In the short time Tom and Donna spent in relationship therapy, I learned that underneath there surface differences, they were both deeply wounded people. Tom was raised by an abusive, single mother who'd been jilted by his father, a married man whom Tom had met only once before he died and who never openly acknowledged Tom as his son. Tom's mother was an emotionally fragile woman who vented her rage on him, criticizing and humiliating him every chance she got from the time he was child until his late teens when he joined the army and volunteered for the paratroopers, a decision I described to him as literally, jumping to safety. After he was discharged from the army, Tom enrolled in college, got student loans and tried to forget his tortured childhood. But he was never able to shake a deeply ingrained feeling that he was unlovable, accompanied by a fear bordering on terror whenever any woman ever tried to get close to him.

Donna was also raised by a harsh, overly critical mother who made her feel she was neither as pretty as her sister nor as smart as brother. Like Tom, she was an illegitimate child who never knew her real father, the unintended consequence of an affair her mother had years earlier when she'd almost left Donna's stepfather. No matter how hard he went through the motions, Donna's stepfather never made her feel he loved her as much as her sister or brother. Between her mother's harshness and underlying shame about her unwanted birth and her stepfather's indifference, Donna also grew up never feeling wanted. And like Tom she was never able to shake the feeling of being unlovable as an adult.

With these devastating childhood experiences still seething deep inside them, what Tom and Donna did in their present relationship was to repeat the earlier experiences unconsciously in a particularly harmful way which psychoanalysts call projective identification.

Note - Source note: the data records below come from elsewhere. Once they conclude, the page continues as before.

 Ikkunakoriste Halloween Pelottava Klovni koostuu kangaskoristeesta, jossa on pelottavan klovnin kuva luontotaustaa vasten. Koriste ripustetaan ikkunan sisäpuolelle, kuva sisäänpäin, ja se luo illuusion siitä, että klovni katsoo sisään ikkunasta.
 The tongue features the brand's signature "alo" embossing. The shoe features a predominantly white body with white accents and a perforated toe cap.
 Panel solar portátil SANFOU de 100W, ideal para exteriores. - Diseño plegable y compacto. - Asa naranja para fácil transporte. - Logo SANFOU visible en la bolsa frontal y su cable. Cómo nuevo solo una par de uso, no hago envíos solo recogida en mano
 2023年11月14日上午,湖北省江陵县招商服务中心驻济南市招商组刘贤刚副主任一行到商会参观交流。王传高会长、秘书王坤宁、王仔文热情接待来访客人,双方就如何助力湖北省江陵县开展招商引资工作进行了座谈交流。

On Tom's side, the projective identification got played out like this: By criticizing Donna unrelentingly, implying she was stupid and unsophisticated, he made her feel worthless, just as his mother had once made him feel. And Tom's unconscious acting out slowly, gradually became a way for him to set Donna up to finally abandon him, as his father had done to him.

On Donna's side, the projective identification got played out in the following way: By surrounding Tom with her own friends who had nothing in common with him and whom she knew didn't like him, she unconsciously encouraged Tom to feel like a hopeless misfit who never fit in, exactly the way she'd been made to feel by her mother and father.

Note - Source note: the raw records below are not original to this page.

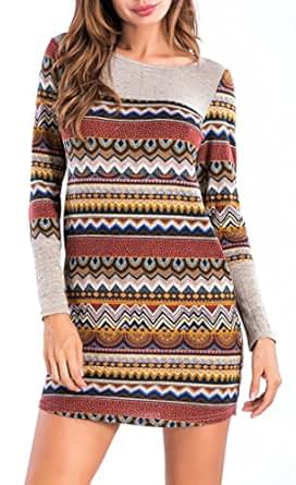 - This is a nice, casual feeling dress with tribe patterns. It is the above knee length and easily dress it up with accessories, and with very soft material, cute, figure flattering. Simple and classy striped design with short length cut of the dress makes it suitable for fall all daily wear, party and any occasions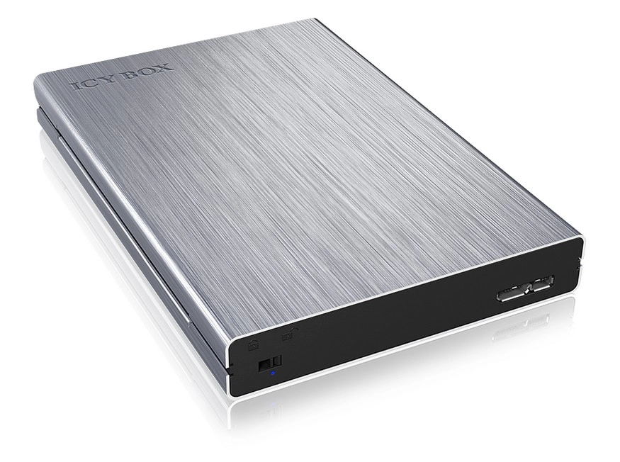 Boîtier ICY BOX léger et robuste en aluminium pour disques SATA 2,5" offrant un USB 3.0 rapide (5 Gbit/s) avec prise en charge UASP, un commutateur de protection en écriture pratique pour des données sécurisées, un fonctionnement silencieux sans ventilateur et une compatibilité avec PC et Mac.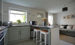 The ground floor features a bright, open-plan living/dining area leading into a well-appointed kitchen. Upstairs, you'll find a generously sized double bedroom with ample space, a modern bathroom, and a useful hall area at the top of the stairs. The thoughtful layout makes excellent use of the available space across both floors.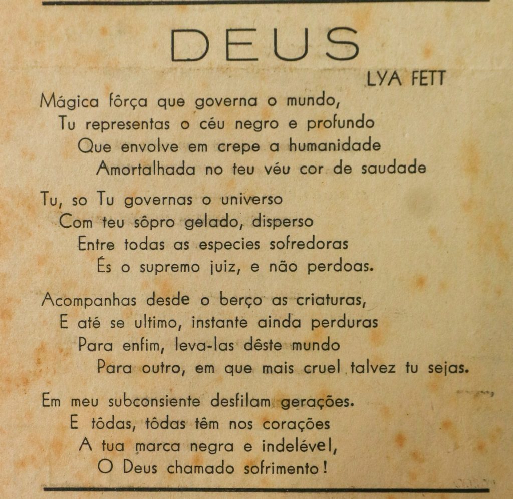 Muitos dos textos mais “densos”, de “fundo” ou de efemérides trazem justamente a assinatura de Lya. Na edição de 15 de outubro de 1953, apresenta o que chama de “1ª composição de uma série”, sobre “José do Patrocínio, o apóstolo da abolição”, e ali assina Lia, com “i”. “Descansa em paz, tu que de toda uma raça terás sempre a merecida gratidão”, fecha. Há alguns particularmente inspirados, repletos de poesia e de imagens que enternecem.
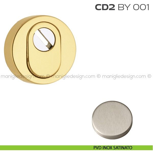 Bocchetta di sicurezza esterna tonda misura ø53 mm con blocco defender antitrapano e 2 viti passanti M5 articolo CD2 BY 001 Reguitti.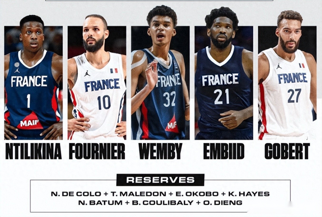 媒体预测巴黎奥运会法国队的12人阵容为10名现役NBA球员+2名曾效力过NBA的球员,10名现役NBA球员为:恩比德、文班亚马、戈贝尔、富尼耶、巴图姆、尼利基纳、马勒东、基利安-海斯、库利巴利、乌斯曼-迪昂,2名曾效力过NBA球员为:德科洛(曾效力马刺、猛龙)、奥科博(曾效力太阳)。

If we look at Tom and Donna in terms of their capacities for autonomy and intimacy, we see that their childhood wounds caused them both to place an extremely high value on independence and autonomy as their chief means of survival. It was incredibly difficult for either of them to imagine, let alone feel, the pleasure to be had from emotional intimacy with another person. Sadly for both Tom and Donna, they couldn't have chosen worse partners to try to be close to.

Finally, if we compare Tom and Donna with Rick and Sara, Bill and Carrie and John and Laura on the Genograms page, it becomes a lot clearer why each of these latter couples, with some relationship help, has a relatively greater chance of successfully moving from the lonely, isolated "me" to an intimate, more fulfilling "we" in their present relationships.